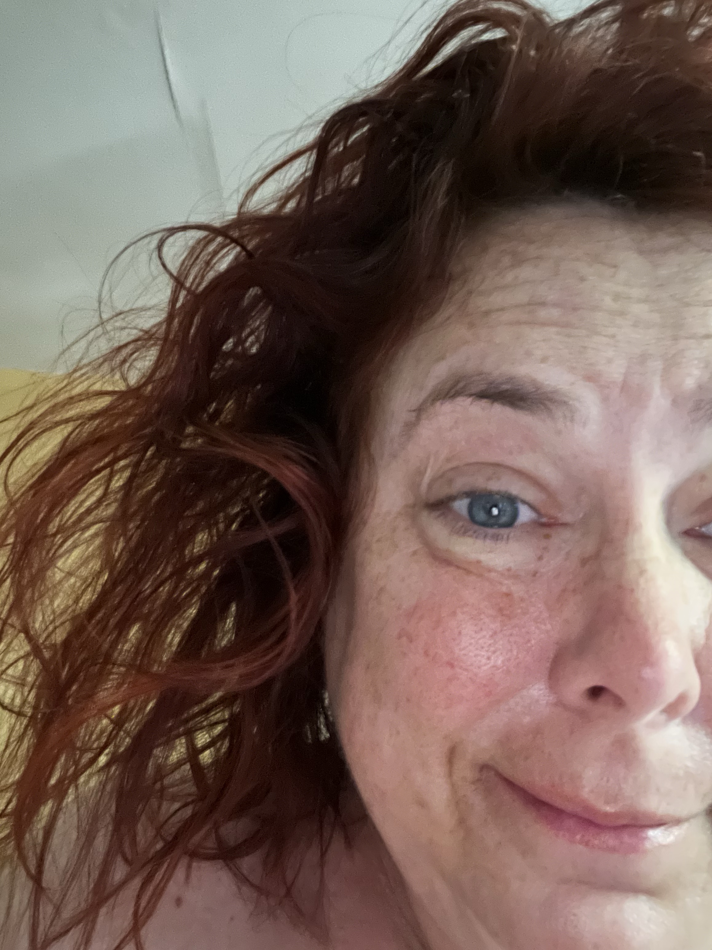 Now that the fever portion of this illness is under control, I’m dealing with pneumonia. My chest aches from the coughing. It’s so hard to sleep that I have turned off my phone. Once I get to sleep after fitful coughing, I can’t afford to be woken up. Sorry for people who worry when I don’t answer. I can’t worry about others feelings when I have to worry about getting myself better and that requires sleep. Between the fever sweats (which does amazing stuff with my hair!)
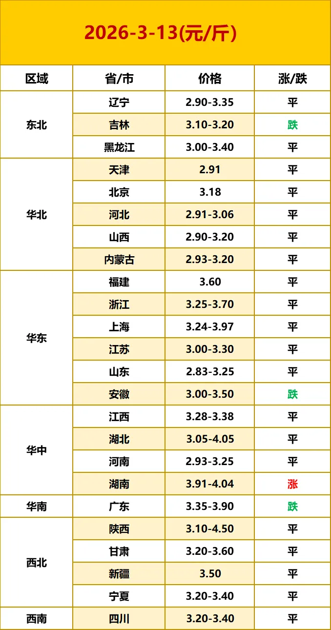 【鸡蛋价格】2026.3.13—最新鸡蛋价格 养羊网 2026-03-12 【鸡蛋价格】2026.3.13—最新鸡蛋价格点击蓝字关注我们吧~ 已关注 关注 重播 分享 赞 视频详情 鸡蛋价格早知道报价有高低,仅供参考,不作为你的买卖依据!!! 已关注 关注 重播 分享 赞 视频详情 养羊网 2026-03-12 上一篇:狼哥明日(3.13)鸡蛋价格预测,文末有豆粕下午报价 下一篇:3月12日稳-邯郸曲周鸡蛋价格-2026 您可能还会对下面的文章感兴趣111: 相关文章 近期价格更新!!! 近期价格更新!!! 2025年4月13日全国各地生猪价格信息 ##呼伦贝尔旅游包车##呼伦贝尔旅游攻略##
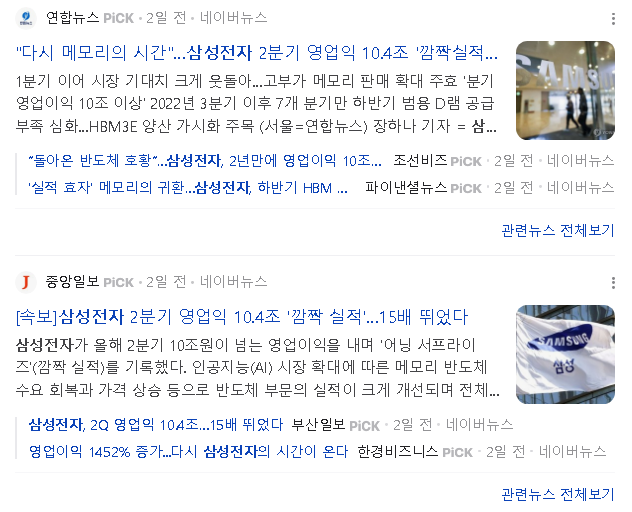 ☞ 올해 2분기10조원 넘는 영업이익으로 어닝 서프라이즈 행진 AI 시장 확대에 따른 메모리 반도체 수요 회복과 가격 상승등으로 반도체 부문 실적 크게 개선
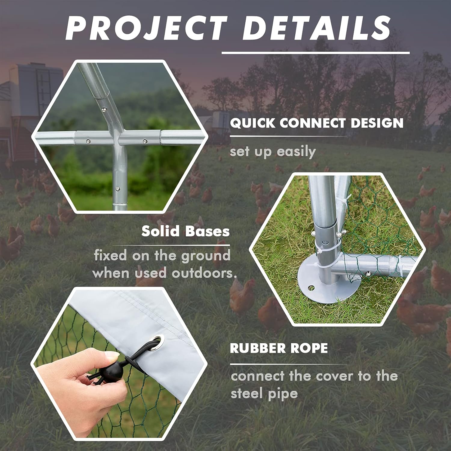 - Durable Steel Chicken run house: The chicken coop uses a durable steel pipe frame, coupled with galvanizing technology, don't worry about rusting in outdoor. The steel pipe diameter reaches 0.98 inches, which is strong and stable enough in windy and heavy rain
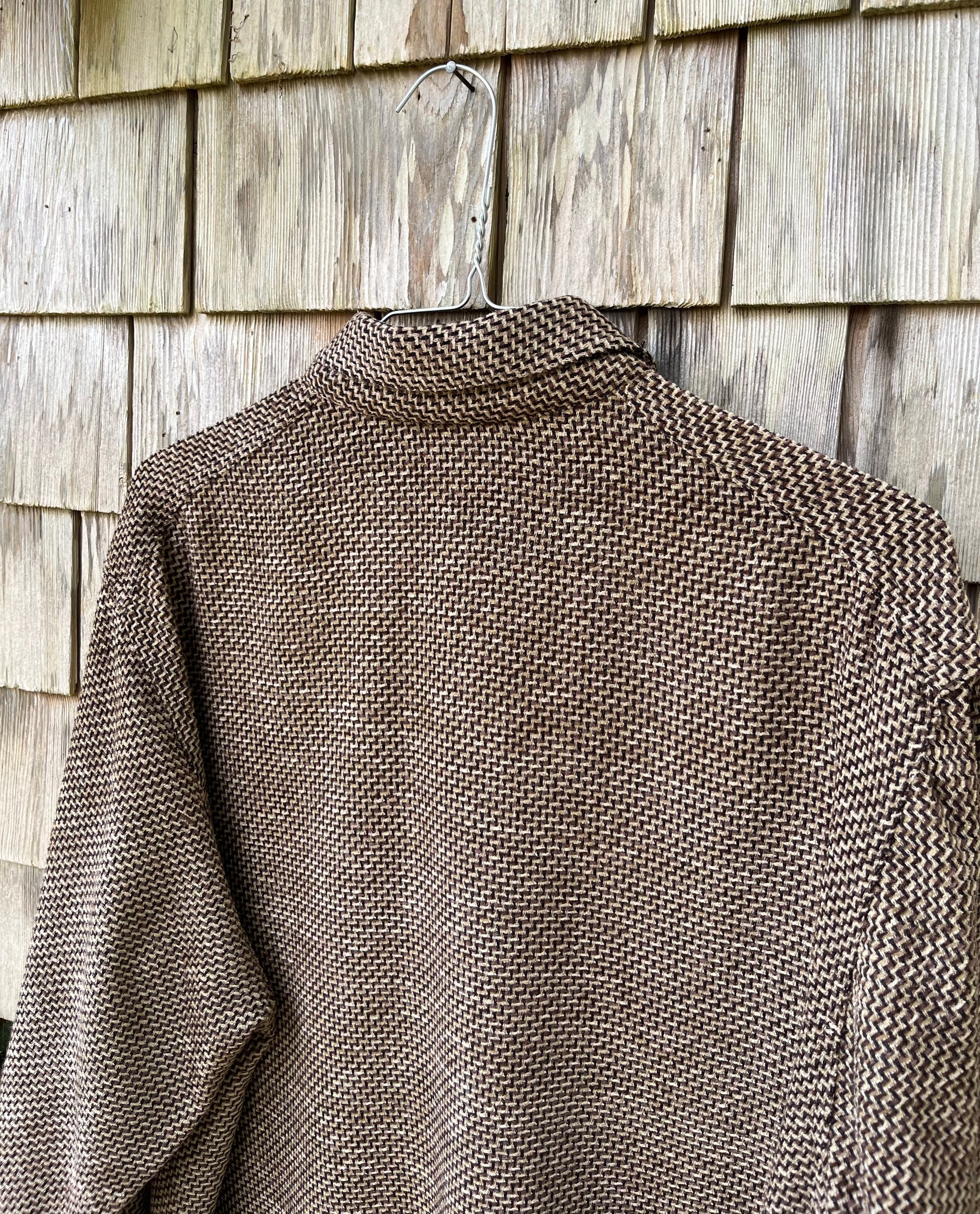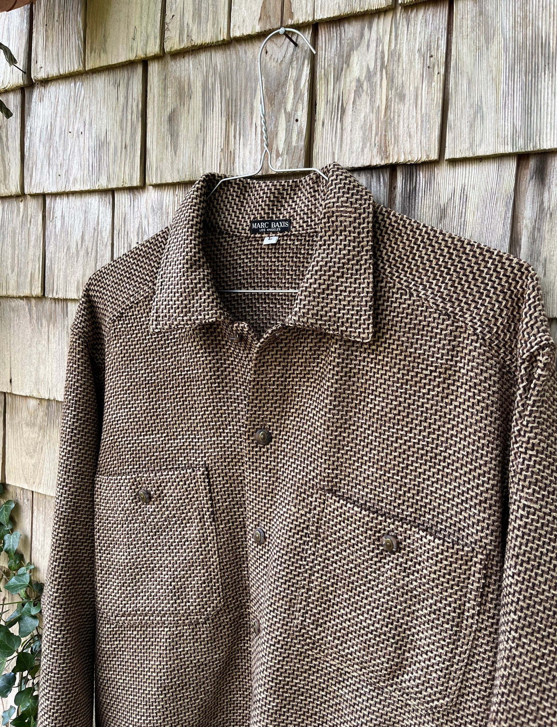 80s Marc Baxis Los Angeles heavyweight wool blend button front shirt. Soft feel, 60/40 wool acrylic blend. Herringbone pattern weave in shades of black, brown & tan. Good overshirt/light shirt jacket weight. Made in the USA.
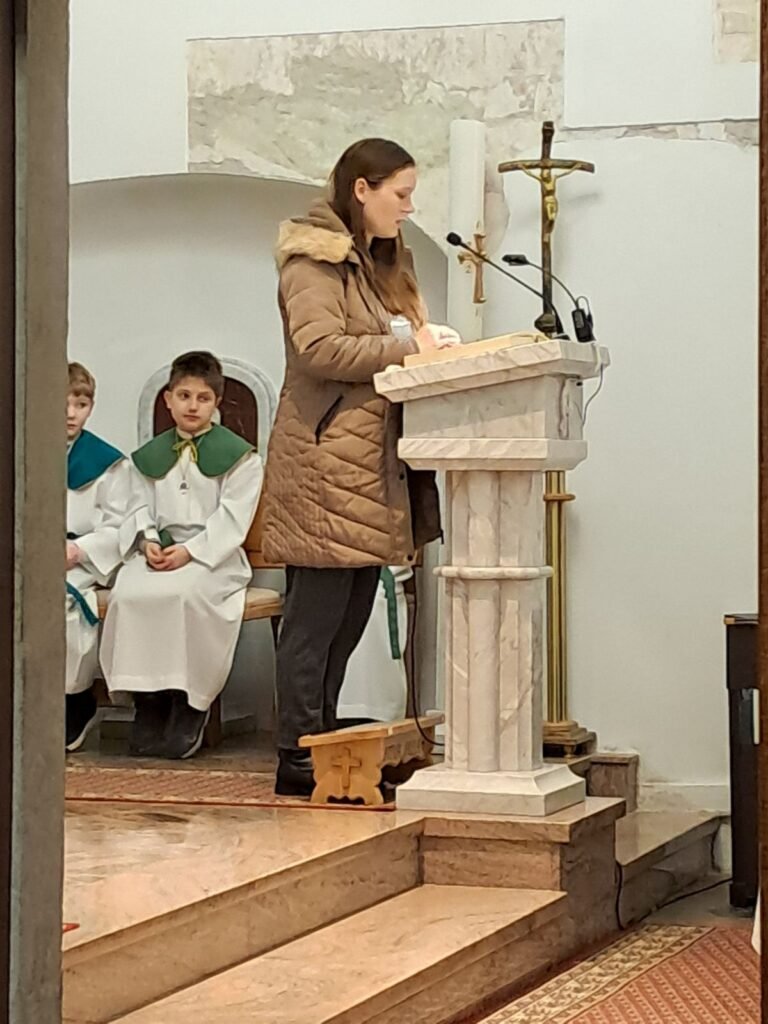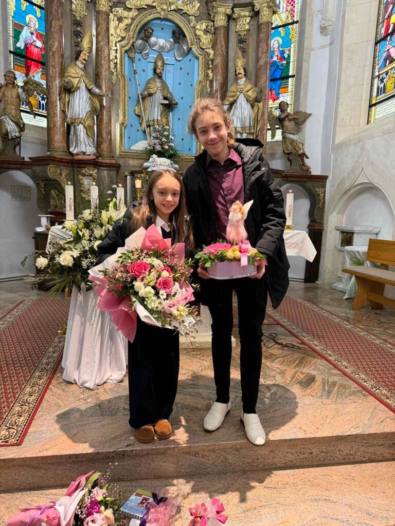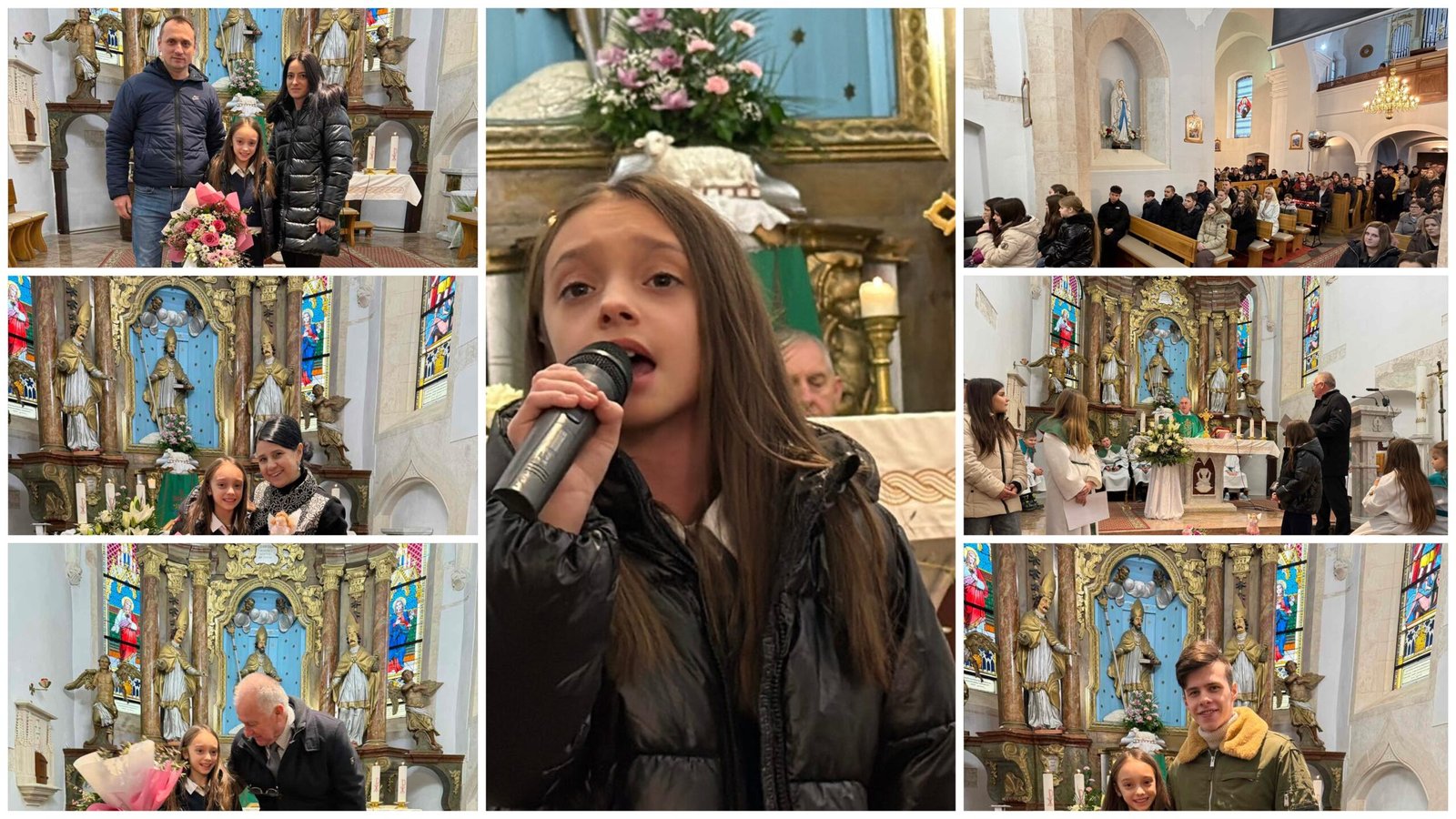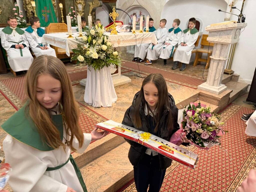 Susret je započeo pjesmom Dječjeg zbora, koji je Nikol srdačno pozdravio te joj, kao znak ljubavi i ponosa, predao prigodan dar. Radosna dječja pjesma i iskreni osmijesi ispunili su crkvu posebnom toplinom i pokazali koliko je Nikol svojom pobjedom nadahnula najmlađe članove naše zajednice.

━━━━

:: Problem details ::
Set down the entries above word for word, but drop any image.

:: Result ::
 Now that the fever portion of this illness is under control, I’m dealing with pneumonia. My chest aches from the coughing. It’s so hard to sleep that I have turned off my phone. Once I get to sleep after fitful coughing, I can’t afford to be woken up. Sorry for people who worry when I don’t answer. I can’t worry about others feelings when I have to worry about getting myself better and that requires sleep. Between the fever sweats (which does amazing stuff with my hair!)
 【鸡蛋价格】2026.3.13—最新鸡蛋价格 养羊网 2026-03-12 【鸡蛋价格】2026.3.13—最新鸡蛋价格点击蓝字关注我们吧~ 已关注 关注 重播 分享 赞 视频详情 鸡蛋价格早知道报价有高低,仅供参考,不作为你的买卖依据!!! 已关注 关注 重播 分享 赞 视频详情 养羊网 2026-03-12 上一篇:狼哥明日(3.13)鸡蛋价格预测,文末有豆粕下午报价 下一篇:3月12日稳-邯郸曲周鸡蛋价格-2026 您可能还会对下面的文章感兴趣111: 相关文章 近期价格更新!!! 近期价格更新!!! 2025年4月13日全国各地生猪价格信息 ##呼伦贝尔旅游包车##呼伦贝尔旅游攻略##
 ☞ 올해 2분기10조원 넘는 영업이익으로 어닝 서프라이즈 행진 AI 시장 확대에 따른 메모리 반도체 수요 회복과 가격 상승등으로 반도체 부문 실적 크게 개선
 - Durable Steel Chicken run house: The chicken coop uses a durable steel pipe frame, coupled with galvanizing technology, don't worry about rusting in outdoor. The steel pipe diameter reaches 0.98 inches, which is strong and stable enough in windy and heavy rain
 80s Marc Baxis Los Angeles heavyweight wool blend button front shirt. Soft feel, 60/40 wool acrylic blend. Herringbone pattern weave in shades of black, brown & tan. Good overshirt/light shirt jacket weight. Made in the USA.
 Susret je započeo pjesmom Dječjeg zbora, koji je Nikol srdačno pozdravio te joj, kao znak ljubavi i ponosa, predao prigodan dar. Radosna dječja pjesma i iskreni osmijesi ispunili su crkvu posebnom toplinom i pokazali koliko je Nikol svojom pobjedom nadahnula najmlađe članove naše zajednice.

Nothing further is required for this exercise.